Andrea Barnard v Honor Early Learning Beenleigh

Case

[2024] FWC 1879

18 JULY 2024


[2024] FWC 1879

FAIR WORK COMMISSION

DECISION

Fair Work Act 2009

s.394—Unfair dismissal

Andrea Barnard
v

Honor Early Learning Beenleigh

(U2024/5999)

DEPUTY PRESIDENT EASTON

SYDNEY, 18 JULY 2024

Application for an unfair dismissal remedy

  1. On 27 May 2024 Ms Andrea Barnard made an unfair dismissal application to the Fair Work Commission under s.394 of the Fair Work Act 2009 (Cth). Ms Barnard advised in the Form F2 Unfair Dismissal Application that she commenced employment with Honor Early Learning Beenleigh 4 months ago and that her dismissal took effect on 27 May 2024.

  1. Sections 382 and 383 of the Act provide that a person can only make an unfair dismissal application if they had completed a minimum period of employment before dismissal. Section 383 of the Act defines the minimum employment period:

383 Meaning of minimum employment period

The minimum employment period is:

(a) if the employer is not a small business employer—6 months ending at the earlier of the following times:

(i) the time when the person is given notice of the dismissal;

(ii) immediately before the dismissal; or

(b) if the employer is a small business employer—one year ending at that time.

  1. A longer minimum employment period, 12 months rather than 6 months, applies to employees of small business employers. In Ms Barnard’s case it does not matter whether Honor Early Learning Beenleigh is a small business employer because she does not appear to have completed the lesser minimum employment period of 6 months

  1. Commission staff sought further information from Ms Barnard about whether she had served the minimum employment period:

(a)On 30 May 2024 Commission staff attempted to call Ms Barnard however she wasn’t able speak and asked that we call her back.

(b)Later that day Commission staff emailed correspondence to Ms Barnard advising her that on the basis of the information provided in the Form F2, she had not served the minimum employment period. The correspondence directed Ms Barnard to file any documents/evidence to support their claim that they had served the required minimum employment period. That correspondence also warned that if they did not contact the Commission within 14 days the application may be dismissed without further notice. An SMS notification was also sent to Barnard’s nominated telephone number requesting that she contact the Commission.

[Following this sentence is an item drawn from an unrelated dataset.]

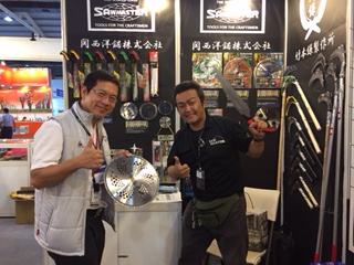あきませんあきません。もう体調サイババ状態で、出発時間にフロントへ下りてくると、みんなが俺の顔見て、無理そうやし、土色の顔やし、クチビル変やし、まだホテルで寝ときぃーや!と。確かにこんな感じで現地で横になれないし、作り笑顔なんか絶対に無理やし、と、お昼まで休ませてもらうことになる。でも、頭痛くてほとんど寝られず、熱のせいで、寒いのに汗だくだったし、薬も全く効かないので、休ませてもらうことに。でも今日は最終日。色々と売って欲しい!ってお客様もいらしたので、申し訳ないと思いながら、でも先輩たちが電話くれて、売ってくれてた♪感謝っす。結局、別の先輩もホテルに待機してらして、昼、一緒に会場まで連れてってもらえることに。台湾企業もうちの製品みたいって、ドリンク持ってきてくれたりしたんだけど、体力の限界で楽しい話をすることができなかった。ゴメンなさいっ!そして中壢JC仲間が、ブースへ新幹線乗って飛んできてくれた。日本の華道鋏や、建築金物を買ってきてー!とリクエスト貰ってたので、よかったぁー渡すことができて♪今夜の食事も誘ってくれたんだけど、絶対俺飯食えないし飲めない、ってお断りして。。。もう残念すぎるぅ。。。ごめんよぉー!Bryan!

(c)On 17 June 2024 Commission staff attempted to call Ms Barnard however she could not be reached. A voicemail message was left asking that she call back by close of business 18 June 2024.

  1. To date Ms Barnard has not provided any further information that supports her eligibility to make the application.

Section 587

  1. The relevant provisions in s.587 of the Act are as follows:

“587  Dismissing applications

(1)   Without limiting when the FWC may dismiss an application, the FWC may dismiss an application if:

(a) the application is not made in accordance with this Act; or

(b) the application is frivolous or vexatious; or

(c) the application has no reasonable prospects of success.

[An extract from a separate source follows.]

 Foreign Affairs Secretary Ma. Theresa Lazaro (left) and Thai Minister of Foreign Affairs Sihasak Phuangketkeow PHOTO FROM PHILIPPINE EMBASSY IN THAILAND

(3) The FWC may dismiss an application:

(a)   on its own initiative; or

(b) on application.

  1. Section 587 allows the Commission to dismiss an application on the Commission’s own initiative in the early stages – subject to affording procedural fairness. Protracted proceedings can be avoided when there is no reasonable prospect of an outcome other than the dismissal of the application. The power under s.587 should be used with caution, particularly if the matter involves complex questions of fact or law, is not available if there are live facts in issue that could affect the outcome of the proceedings (see generally Bond v Carbridge Pty Ltd T/A Carbridge [2024] FWC 1302 at [11]-[16] and the cases cited therein).

Does Ms Barnard’s application have any reasonable prospects of success?

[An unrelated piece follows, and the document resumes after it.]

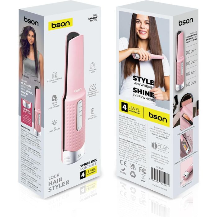 يقدم جهاز Bson Lock Hair Styler تجربة تصفيف متكاملة بفضل تصميمه 2 في 1 الذي يعمل كمملس ومجعد للشعر في نفس الوقت. يتميز الجهاز بأنه لاسلكي بالكامل، مما يمنحك حرية الحركة وسهولة الاستخدام سواء في المنزل أو أثناء التنقل. بتقنية الشحن السريع Type-C ليكون دائمًا جاهزًا للاستخدام دون انتظار طويل. ويضيف قفل الأمان المدمج حماية إضافية أثناء التخزين أو السفر، ويمنع فتح الجهاز بشكل غير مقصود داخل الحقيبة.

  1. The Commission cannot consider the fairness of Ms Barnard’s dismissal until it is satisfied that she is eligible to make an unfair dismissal claim.

  1. The information provided by Ms Barnard on her Form F2 application strongly indicates that she is not eligible to make an unfair dismissal application. The Form F2 indicates that Ms Barnard was employed for approximately 4 months.

  1. Ms Barnard was invited by correspondence to provide information that could show that she had in fact completed the minimum employment period. Ms Barnard did not provide any response that was consistent with having served the minimum employment period, nor did any response raise the potential for any dispute about any facts that could change the outcome of her application.

  1. On 10 July 2024 Ms Barnard was also specifically invited to provide submissions on why her matter should not be dismissed under ss. 587(1)(a) or 587(1)(c). An SMS was also sent to Ms Barnard telling her that an important email had been sent. Ms Barnard did not respond to this correspondence.

  1. I am satisfied that Ms Barnard has been able to put her case for consideration on all matters material to the making of the decision to dismiss her application under s.587.

  1. For these reasons I am satisfied that Ms Barnard’s claim has no reasonable prospect of success within the meaning of s.587(1)(c), and that it is appropriate in the circumstances to dismiss her application on the Commission’s own initiative by the facility available in s.587(3)(a).

  1. I have separately made an order to this effect (PR777110).